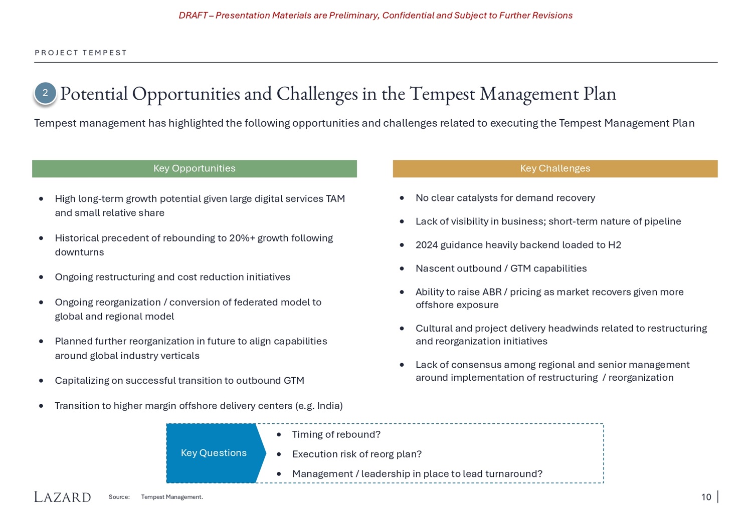 DRAFT – Presentation Materials are Preliminary, Confidential and Subject to Further Revisions Potential Opportunities and Challenges in the Tempest Management Plan P R O J E C T T E M P E S T Tempest management has highlighted the following opportunities and challenges related to executing the Tempest Management Plan Key Opportunities Key Challenges High long - term growth potential given large digital services TAM and small relative share Historical precedent of rebounding to 20%+ growth following downturns Ongoing restructuring and cost reduction initiatives Ongoing reorganization / conversion of federated model to global and regional model Planned further reorganization in future to align capabilities around global industry verticals Capitalizing on successful transition to outbound GTM Transition to higher margin offshore delivery centers (e.g. India) No clear catalysts for demand recovery Lack of visibility in business; short - term nature of pipeline 2024 guidance heavily backend loaded to H2 Nascent outbound / GTM capabilities Ability to raise ABR / pricing as market recovers given more offshore exposure Cultural and project delivery headwinds related to restructuring and reorganization initiatives Lack of consensus among regional and senior management around implementation of restructuring / reorganization Source: Tempest Management. 2 Key Questions Timing of rebound? Execution risk of reorg plan? Management / leadership in place to lead turnaround? 10
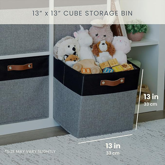 OrganiHaus 13x13 Cube Fabric Storage Bins Set of 4, Fabric Storage Cubes w/ Vegan Handles, 13 inch Collapsible Bins for Clothes & Toy Organizer, Cubbies Organizer, 13x13 Basket for Decor - Grey/Black
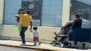 La escena de la familia no dejó a los transeúntes indiferentes, de hecho, uno de ellos no resistió la tentación de sacar su dispositivo móvil y grabar lo que se encontraba ocurriendo.
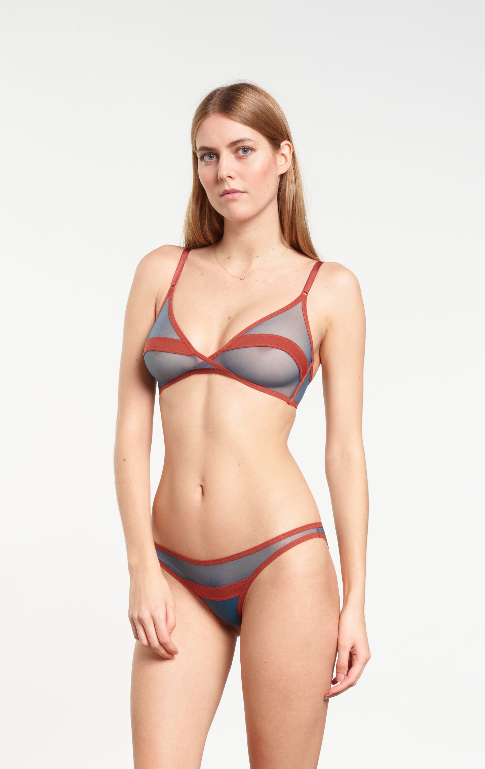 A low waist panty made from a stretch tulle with muslin ribbons.
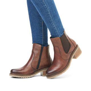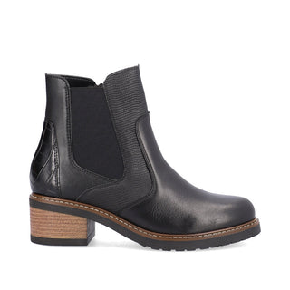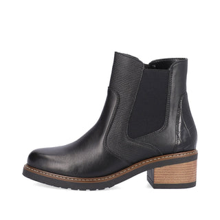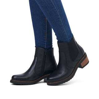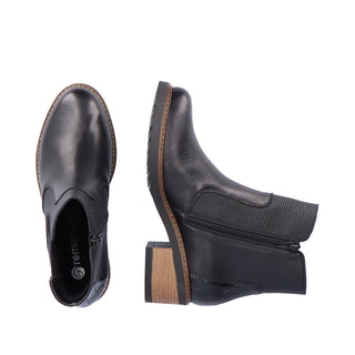 Ladies, pay attention! These midnight black Chelsea boots made of smooth leather by remonte exude feminine confidence. The zipper together with the elastic insert is typical for Chelsea boots and makes it easy to put on and take off the shoe. An exchangeable footbed and the flexible and cushioning profile sole with block heel are great goodies on top. For all ladies with size 45, these Chelsea boots are also available in oversizes. Jackpot!

WORK INSTRUCTIONS — Retype, please, exactly the lines that begin with the one containing "La escena de" and end at the last line of the entries above, both included, leaving out pictures.

EXPECTED ANSWER —
 La escena de la familia no dejó a los transeúntes indiferentes, de hecho, uno de ellos no resistió la tentación de sacar su dispositivo móvil y grabar lo que se encontraba ocurriendo.
 A low waist panty made from a stretch tulle with muslin ribbons.
 Ladies, pay attention! These midnight black Chelsea boots made of smooth leather by remonte exude feminine confidence. The zipper together with the elastic insert is typical for Chelsea boots and makes it easy to put on and take off the shoe. An exchangeable footbed and the flexible and cushioning profile sole with block heel are great goodies on top. For all ladies with size 45, these Chelsea boots are also available in oversizes. Jackpot!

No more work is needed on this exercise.